This section is from the book "Landscape Gardening", by Andrew Jackson Downing. Also available from Amazon: Landscape Gardening.
The "quiet, thoughtful, and reserved boy" of the Montgomery Academy had thus suddenly displayed the talent which was not suspected by his school-fellows. The younger partner had now justified the expectation he aroused; and the long, silent, careful years of study and experience insured the permanent value of the results he announced. The following year saw the publication of the " Cottage Residences," in which the principles of the first volume were applied in detail. For the same reason it achieved a success similar to the "Landscape Gardening." Rural England recognized its great value. Loudon said: "It cannot fail to be of great service." Another said: "We stretch our arm across the 'big water' to tender our Yankee coadjutor an English shake and a cordial recognition." These welcomes from those who knew what and why they welcomed, founded Downing's authority in the minds of the less learned, while the simplicity of his own statements confirmed it. From the publication of the "Landscape Gardening" until his death, he continued to be the chief American authority in rural art.
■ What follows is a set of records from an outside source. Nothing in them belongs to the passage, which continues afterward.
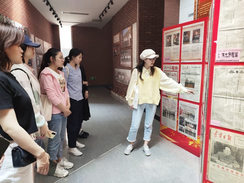 2021年6月11日,文硕2003党支部于文管学馆一楼开展“百年党史书报藏品”观展学习活动,支部书记朱鑫为支部全体党员做百年党史书报展览讲解。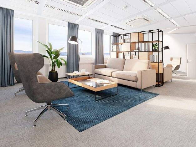 Das Büro ist ebenerdig zugänglich und vollständig barrierefrei, sodass es für Kunden und Mitarbeiter gleichermaßen komfortabel erreichbar ist. Die Fläche umfasst entweder 5 gut geschnittene Büroräume...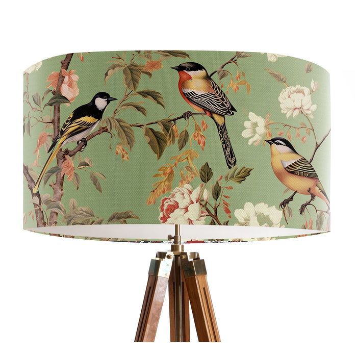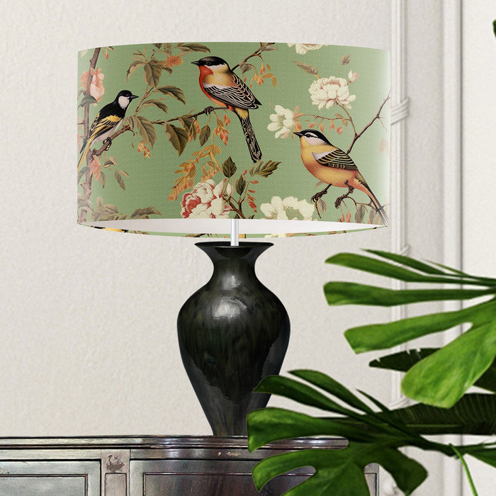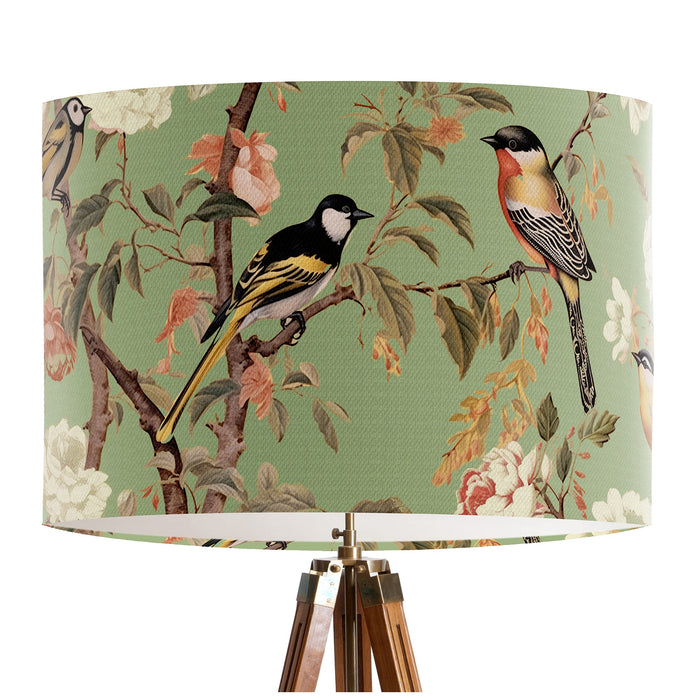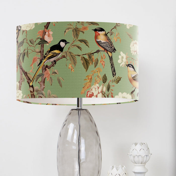 Experience the tranquil beauty of a garden oasis with our Garden Birds Green lampshade. Handcrafted in the UK, this exquisite piece features charming garden birds and delicate blooms against a soft, pale green backdrop. With its serene countryside charm, this printed drum lamp shade adds a touch of natural elegance to any room. Birds perch among branches, while delicate flowers in peach and cream hues create a harmonious scene. Bring the tranquility of a garden into your home with this handmade work of art.

European honors soon began to seek the young gardener upon the Hudson. He had been for some time in correspondence with Loudon, and the other eminent men of the profession. He was now elected corresponding member of the Royal Botanic Society of London, of the Horticultural Societies of Berlin, the Low Countries, etc. Queen Anne of Denmark sent him "a magnificent ring," in acknowledgment of her pleasure in his works. But, as the years slowly passed, a sweeter praise saluted him than the Queen's ring, namely, the gradual improvement of the national rural taste, and the universal testimony that it was due to Downing, It was found as easy to live in a handsome house as in one that shocked all sense of propriety and beauty. The capabilities of the landscape began to develop themselves to the man who looked at it from his windows, with Downing's books in his hand. Air. Wilder says that a gentleman "who is eminently qualified to form an enlightened judgment," declared that much of the improvement that has taken place in this country during the last twelve years, in rural architecture and in ornamental gardening and planting, may be ascribed to him. Another gentleman, "speaking of suburban cottages in the West," says: "I asked the origin of so much taste, and was told it might principally be traced to 'Downing's Cottage Residences' and the 'Horticulturist.'" He was naturally elected an honorary member of most of the Horticultural Societies in the country; and as his interest in rural life was universal, embracing no less the soil and cultivation, than the plant, and flower, and fruit, with the residence of the cultivator, he received the same honor from the Agricultural Associations.
Meanwhile his studies were unremitting; and in 1845 Wiley & Putnam published in New York and London "The Fruits and Fruit Trees of America," a volume of six hundred pages. The duodecimo edition had only lineal drawings. The large octavo was illustrated with finely colored plates, executed in Paris, from drawings made in this country from the original fruits. It is a masterly resume" of the results of American experience in the history, character, and growth of fruit, to the date of its publication. The fourteenth edition was published in the year 1852.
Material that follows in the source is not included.